Hulda Dóra Jakobsdóttir (1911 – 1998) was the first woman in Iceland to become a mayor. She served as mayor of Kópavogur from 1957 to 1962, where she actively influenced the town's development. In the 1970 elections, she was elected as a councillor for the Union of Liberals and Leftists, serving until 1974.

==Biography==
Born in Reykjavík on 21 October 1911, Hulda Dóra Jakobsdóttir was the daughter of the engineer Jakob Guðjón Bjarnason and his wife Guðrún Sesselja Ármannsdóttir. She was the eldest of five siblings. After completing high school in Reykjavík, she studied at the University of Iceland where she earned a master's degree (cand.phil.) in 1932.

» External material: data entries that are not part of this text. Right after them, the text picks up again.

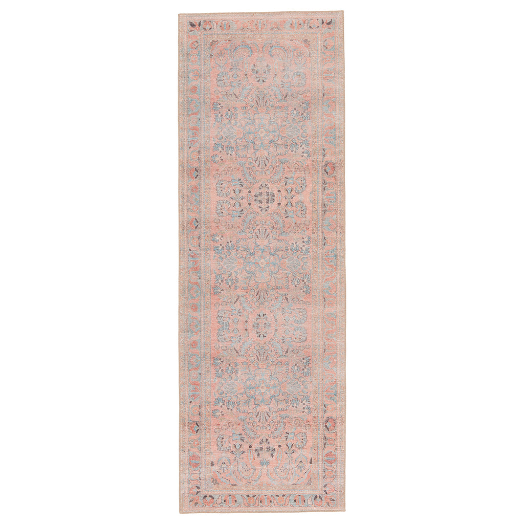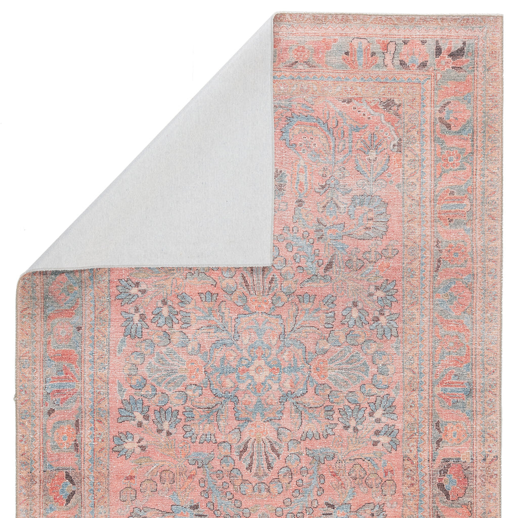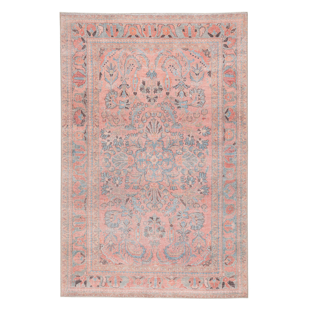 The Jaipur Kindred collection melds the timelessness of vintage designs with modern, livable style. The Pippa area rug boasts a whimsical medallion with floral accents and contemporary pink, sky blue, and gray colorway. This low-pile rug is made of soft polyester and features a one-of-a-kind antique rug digitally printed design.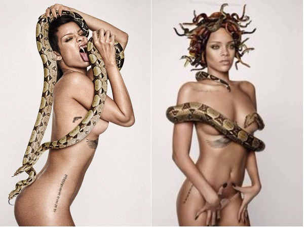 जी हां, कुछ समय पहले एक मैग्जीन के लिए करवाए गए एक फोटोशूट में न्यूड रिहाना अपने बदन को एक मोटे से अजगर से ढ़कती दिखाई दीं। यही नहीं रिहाना ने अपने सिर को भी कई छोटे-छोटे सांपों से ढ़क रखा है। रिहाना की इन तस्वीरों ने सोशल मीडिया पर मौजूद उनके फैंस को चौंका दिया था।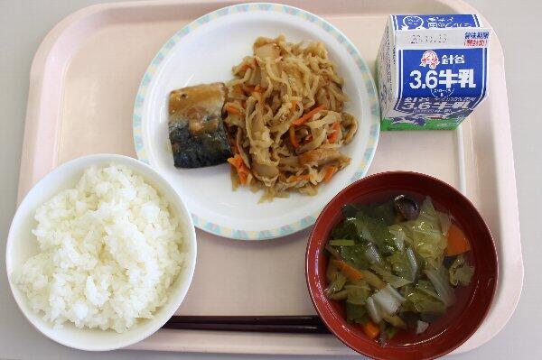 ごはん、牛乳、さばのみそ煮、切り干し大根の炒め煮、すまし汁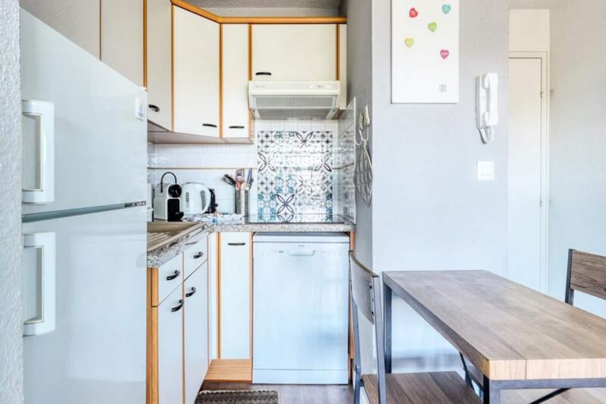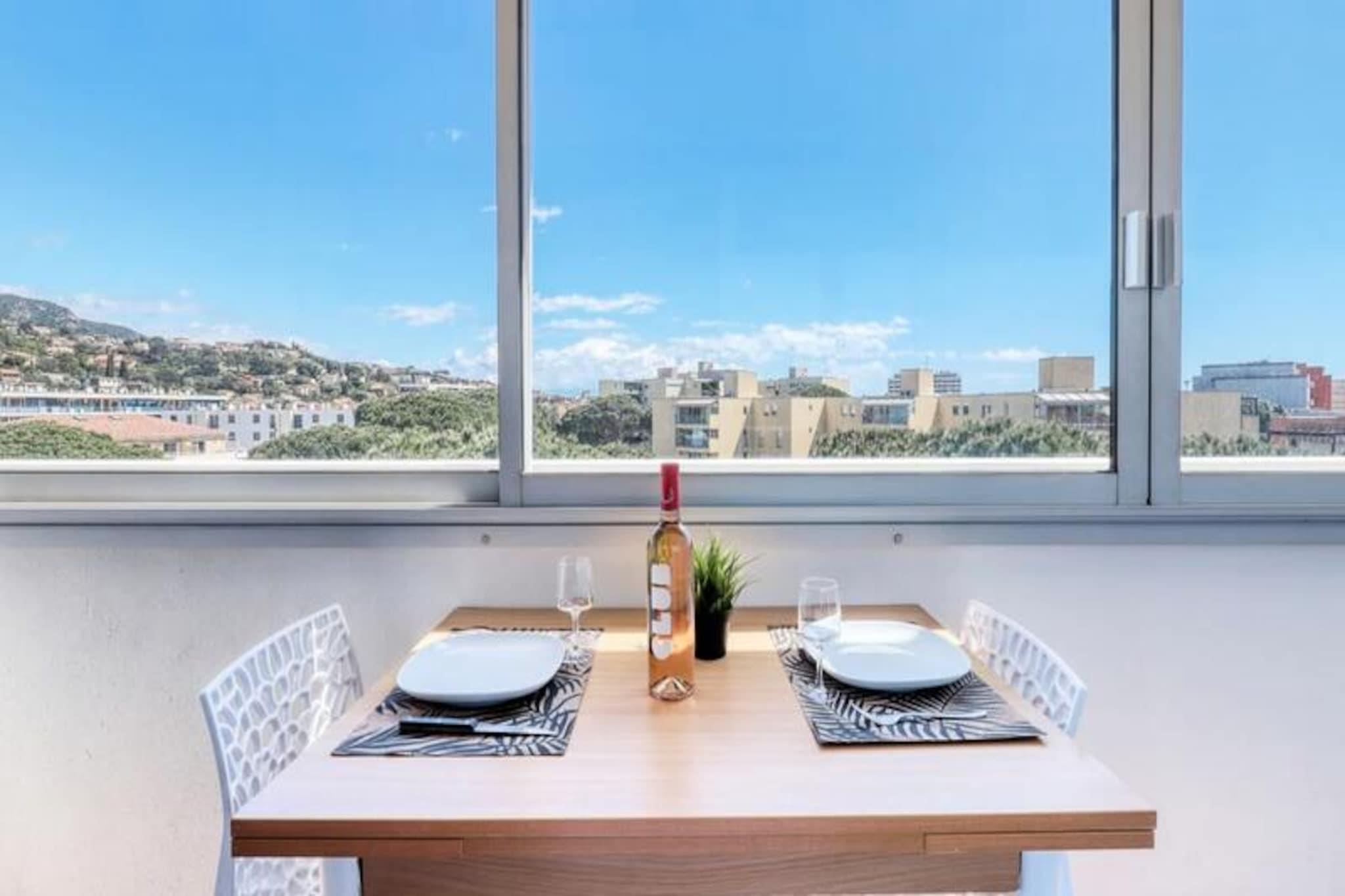 En mild havbrise og den gyldne glød fra middelhavssolen hilser dig velkommen i denne charmerende lejlighed i Le Lavandou. Beliggende kun 600 meter fra den centrale strand, tilbyder dette 36 m² store tilflugtssted en perfekt blanding af komfort og bekvemmelighed til din ferie. Uanset om du søger afslapning eller eventyr, sætter den pulserende kystatmosfære tonen for uforglemmelige øjeblikke. Fra udsigtspunktet på fjerde sal, der er tilgængeligt med elevator, kan du nyde den fredfyldte udsigt og en fredelig atmosfære. Den private loggia inviterer dig til at nyde måltider under åben himmel, mens du soler dig i solens varme. \n\nLejligheden er designet til at rumme op til fire gæster og har et hyggeligt soveværelse med en dobbeltseng og en stue udstyret med en sovesofa, tv og et tekøkken, hvor du kan tilberede lækre måltider. Moderne faciliteter såsom reversibel aircondition, en vaskemaskine og sikker privat parkering sikrer et stressfrit ophold. For familier, der rejser med små børn, er babyudstyr let tilgængeligt, og sengetøj, håndklæder og fornødenheder er omhyggeligt stillet til rådighed ved din ankomst. \n\nLe Lavandous centrale strand, kendt som \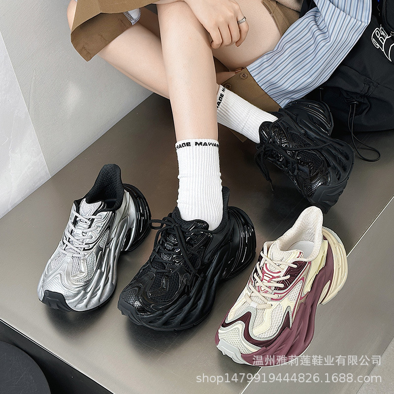 ウェーブ厚底お父さん靴女性 2022 春夏厚底カップルスポーツシューズイントレンディなブランドメッシュ通気性カジュアルシューズ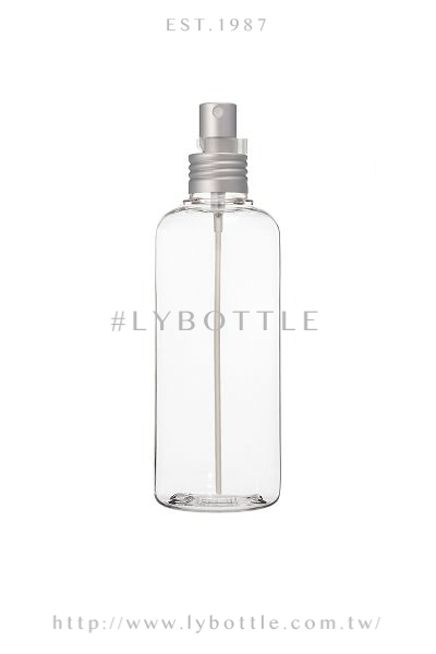 ●直立瓶身,鋁噴頭,鋁製品質感佳 ●瓶身透明潔淨;不耐熱約60度C,具透光性、耐藥性 ●水性噴霧內容物之裝填 ●配件鋁噴頭,按壓噴霧,出量適中,附夾控制開關 ●所標示容量僅作參考

In 1938, she married Finnbogi Rútur Valdimarsson. Two years later they moved to Marbakki in Kópavogur where they raised five children. Both she and her husband became involved in the administrative affairs of Kópavogur which gained the status of a town in 1955. Hulda was elected mayor on 4 June 1957 and remained in office until 1962. She was the first woman in Iceland to become a mayor. Under her leadership, the town developed considerably with a school, Kópavogskirkja church, social centre and swimming pool. She also served as a local representative in Kópavogur from 1970 to 1974.

For her services to local government, she was honoured with the Order of the Falcon in 1994. She died at Marbakki on 31 October 1998.